» PROBLEM TO WORK ON
Only the stretch below from the line holding "Случайный бизнесмен, работающий" through the line holding "大风雨和蜘蛛25.5×16cm1953-1954年冯雪峰《寓言》插图" should be restated, word for word and with both ends included; pictures stay out.

(Data excerpts)
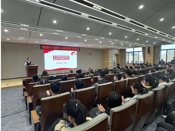 为贯彻我校《领导干部深入基层联系学生工作方案》文件精神,肉漫画 继续开展领导干部深入基层联系学生活动。12月17日下午16:00,图书馆对接领导与学院师生在院楼B501报告厅举行了一次干货满满、温馨十足的共建活动,活动邀请了马克思主义学院吴永祥老师讲授党课《学习党的历史宝贵经验,投身中华民族伟大复兴》。图书馆党总支书记杨名大、馆长袁家斌 、副馆长单冠贤、刘丽琳、党政办主任朱永武,肉漫画 党委副书记许赞,各年级辅导员以及2019级学生参与了本次活动。
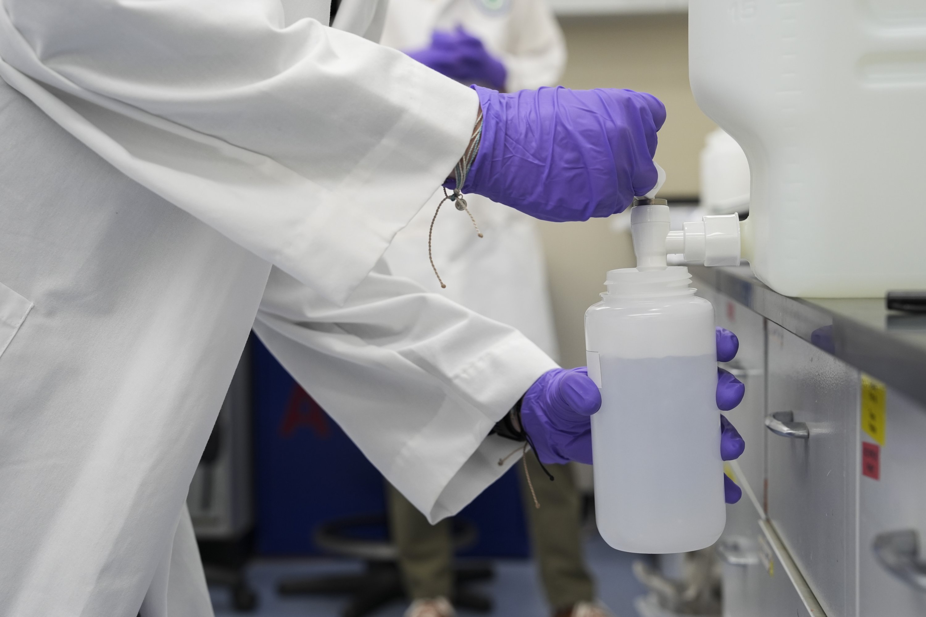 Logan Feeney pours a PFAS water sample into a container for research at a U.S. Environmental Protection Agency lab in Cincinnati, Wednesday, April 10, 2024. (AP File Photo)
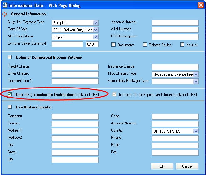 WorldLink will check if it is a TD package/shipment or not. If yes, then continue to the next step; otherwise continue with the normal shipping process. This can be indicated manually by selecting the International Button on the Process Shipments screen and selecting the Use TD checkbox:
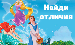 Ищи отличия на картинках с Золушкой, русалочкой Ариэль, Рапунцель, Тианой и Белль.
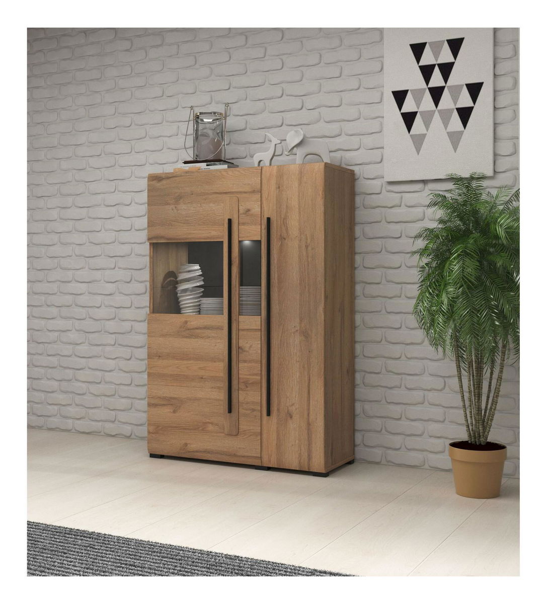 Moderní dvoudvéřová vitrína ze série Tashia. Část dveří prosklená pro expozici předmětů. Úložný prostor v podobě polic. Přesné linie nábytku dodají eleganci do každého obývacího pokoje či kanceláře. Nabízíme k dokoupení LED osvětlení.
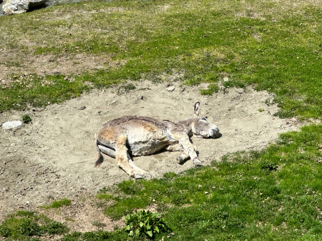En utslagen mulåsna. i IsolaSilersee med byn Isola till höger.Gamla fäbodar i Isola.SilerseeFikapaus före Maloja.
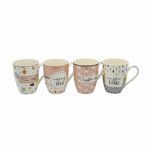 Κούπα από ποιοτική πορσελάνη Bone China, σε τέσσερα διαφορετικά σχέδια με διακόσμηση και επιγραφή. Κατάλληλη για πλυντήριο πιάτων και φούρνο μικροκυμάτων. Η συσκευασία περιλαμβάνει και τα τέσσερα σχέδια.
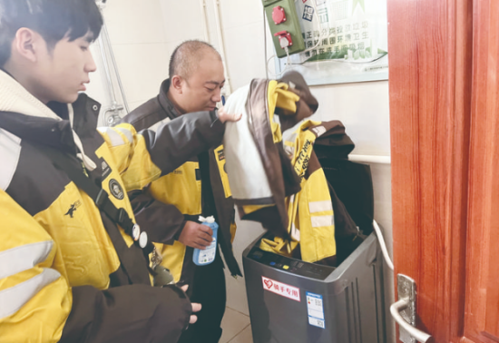 1月19日一早,記者走進(jìn)服務(wù)驛站時,已有幾位騎手在此休息。干凈整潔的床鋪、沙發(fā)、桌椅,晾衣架、飲水機(jī)、微波爐、礦泉水、應(yīng)急藥品等一應(yīng)俱全。“這個服務(wù)驛站特別好,旁邊就是美團(tuán)的工作站點(diǎn),每天開完早會或者不忙時,我們都會來這休息,吃個飯、喝口水,告別風(fēng)餐露宿。衣服臟了還可以用洗衣機(jī)洗,特別省心,就像家一樣!蓖赓u員郭蕊說。
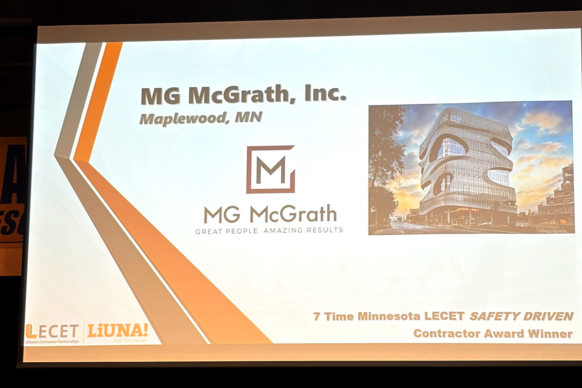 This month, MG McGrath was awarded LECET’s Safety Driven Contractor Award of Excellence. This distinction is awarded to MN and ND union contractors for exceptional safety performance, policies, and a proactive approach to keeping laborers and the public safe. MG McGrath surpassed the safety performance standards outlined by the Laborers-Employers Cooperation & Education Trust (LECET) and we are especially proud of safety recognitions like this one. The safety of our employees, other workers on our jobsites, and the public is our top priority, and awards like this reinforce our commitment to keeping everyone safe.
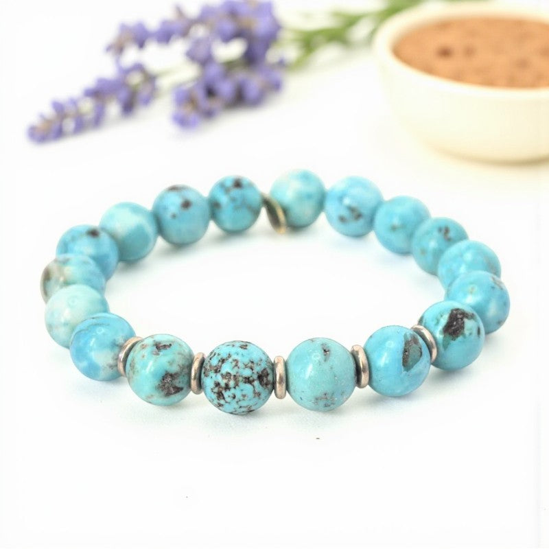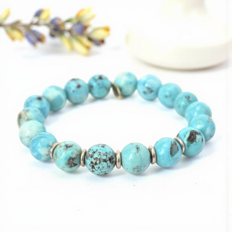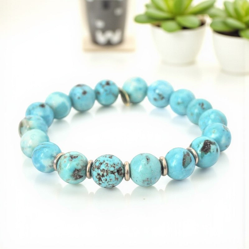 Wearing a turquoise bracelet not only balances and heals your chakras but also instills inner calm, stabilizes mood swings, and fosters serenity, protection, positive thinking, wisdom, and balance. Known as a friendship stone that stimulates romantic love, turquoise enhances emotional connections and fosters a sense of harmony and understanding.
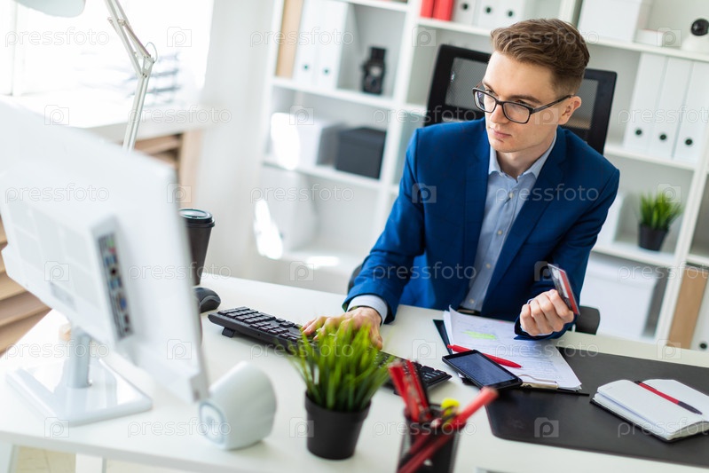 Случайный бизнесмен, работающий в офисе, сидящий за столом, печатающий на клавиатуре, смотрящий на экран компьютера
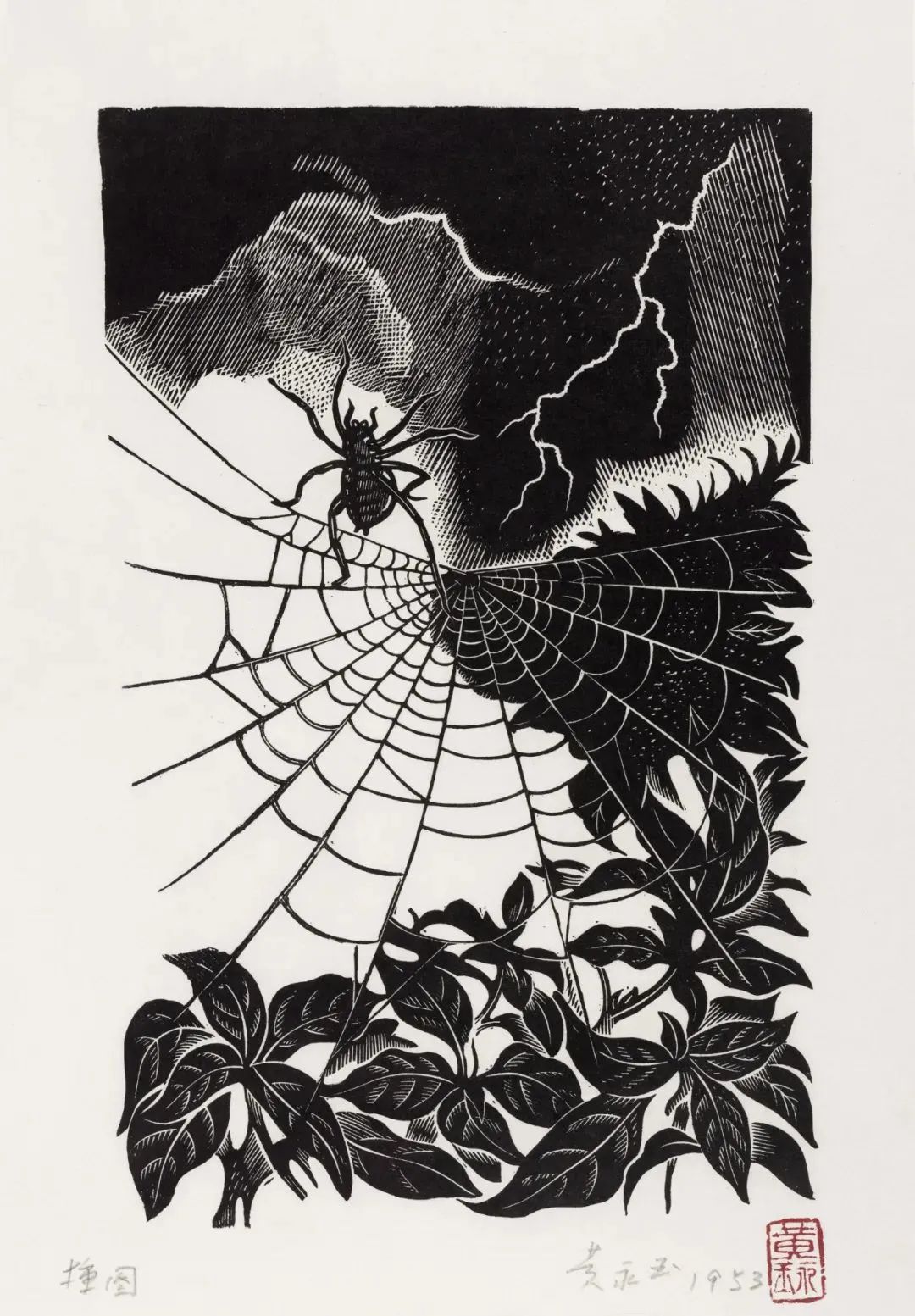 大风雨和蜘蛛25.5×16cm1953-1954年冯雪峰《寓言》插图
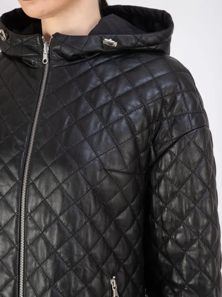 Оригинальная двухсторонняя куртка бренда MONDIAL создана с использованием комбинированных материалов. Одна из ее сторон выполнена из натуральной кожи, а вторая является тканевой. За счет таких особенностей, эту верхнюю одежду можно смело назвать универсальной и многофункциональной. Она обладает комфортным свободным кроем и стильным видом. Брендовая стеганая курточка с удлиненной спинкой оснащена капюшоном и вместительными карманами, элегантно подчеркивает силуэт и не сковывает движения. Эта кожанка с длинными рукавами сочетает в себе преимущества классики и модных трендов. Она представлена в нашей эксклюзивной коллекции в классическом черном и эстетичном зеленом цвете. Вещь предложена в разных размерах, включая плюс сайз. Она займет почетное место в базовом гардеробе взрослых женщин и девочек - подростков. Курточка из непромокаемой мягкой кожи премиум - качества идеальна для холодной весенней и осенней погоды. Такая межсезонная модель легко дополнит наряд в классическом офисном и молодежном casual (кэжуал) стиле. Она красиво садится по фигуре девушек высокого и невысокого роста, позволит создать поистине крутые образы, не лишаясь при этом комфорта. Эта верхняя одежда непременно будет активно использоваться в повседневной жизни и надолго сохранит изначальный вид. Она не вызывает сложностей в уходе, отличается прочностью и долговечностью. Ее даже можно рассмотреть в виде необычной и классной подарочной идеи для всех дорогих сердцу дам. Милый презент вполне уместно вручить на день рождения и юбилей, годовщину отношений или свадьбы и абсолютно любой другой без исключения праздник. Он явно при этом не останется без внимания. Длина по спинке 75см. Страна производства - Турция. У нас есть акции и распродажи, вы можете купить наши товары в подарок со скидкой!
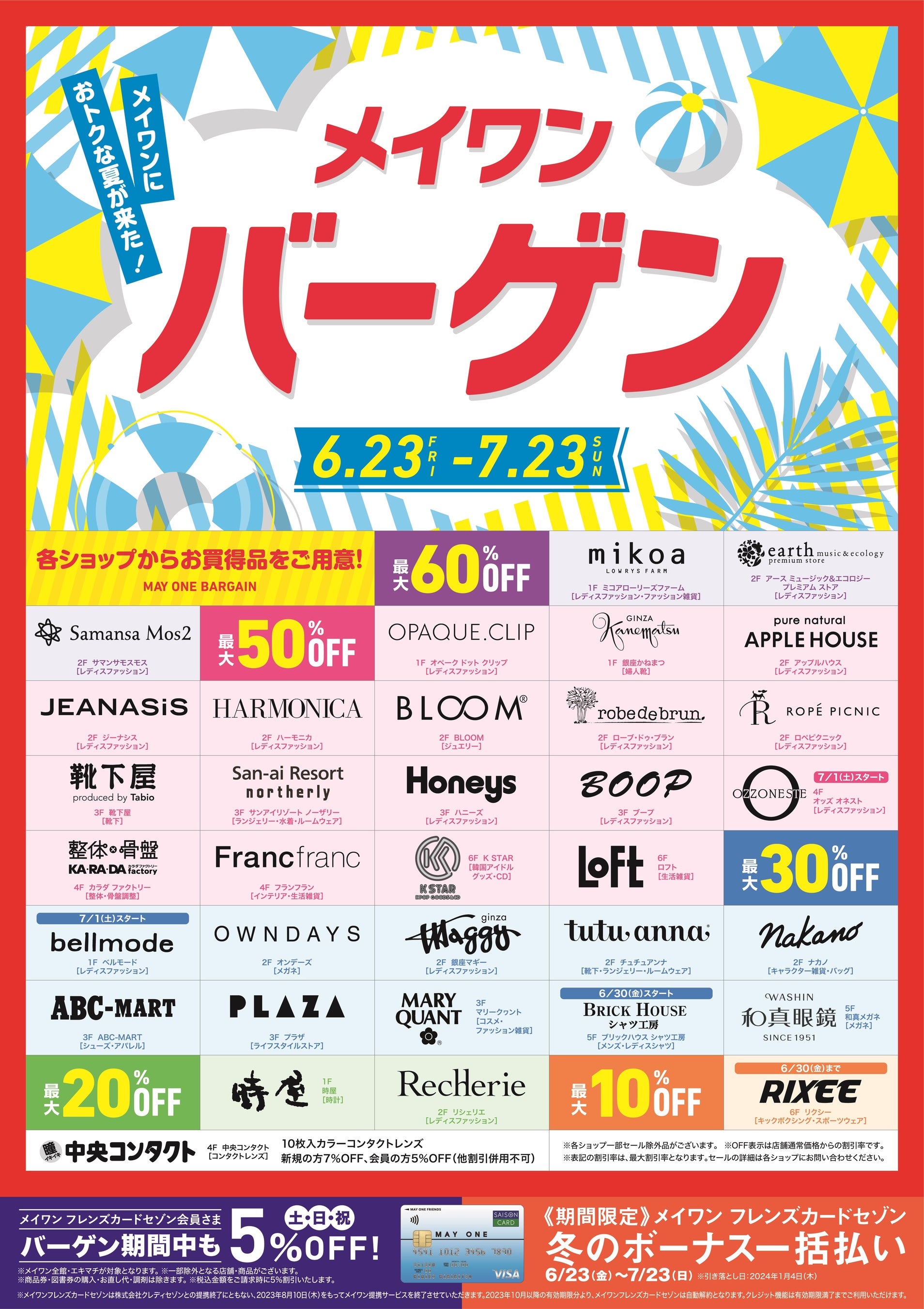浜松駅ビルメイワンでは、6月23日(金)からメイワンバーゲンを開催します。
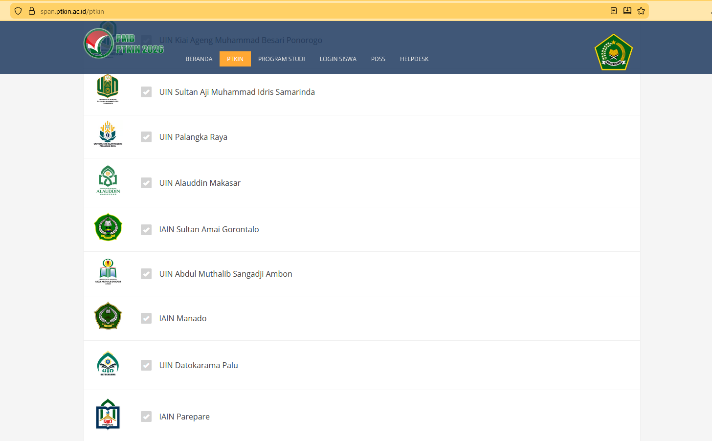 ALMULUKNEWS.COM, AMBON, — Universitas Islam Negeri Abdul Muthalib Sangadji Ambon secara resmi membuka pendaftaran mahasiswa baru melalui Jalur Seleksi Prestasi Akademik Nasional Perguruan Tinggi Keagamaan Islam Negeri (SPAN-PTKIN) Tahun 2026, bersama 58 PTKIN lainnya se-Indonesia.

» ANSWER FOR THIS EXERCISE
 Случайный бизнесмен, работающий в офисе, сидящий за столом, печатающий на клавиатуре, смотрящий на экран компьютера
 大风雨和蜘蛛25.5×16cm1953-1954年冯雪峰《寓言》插图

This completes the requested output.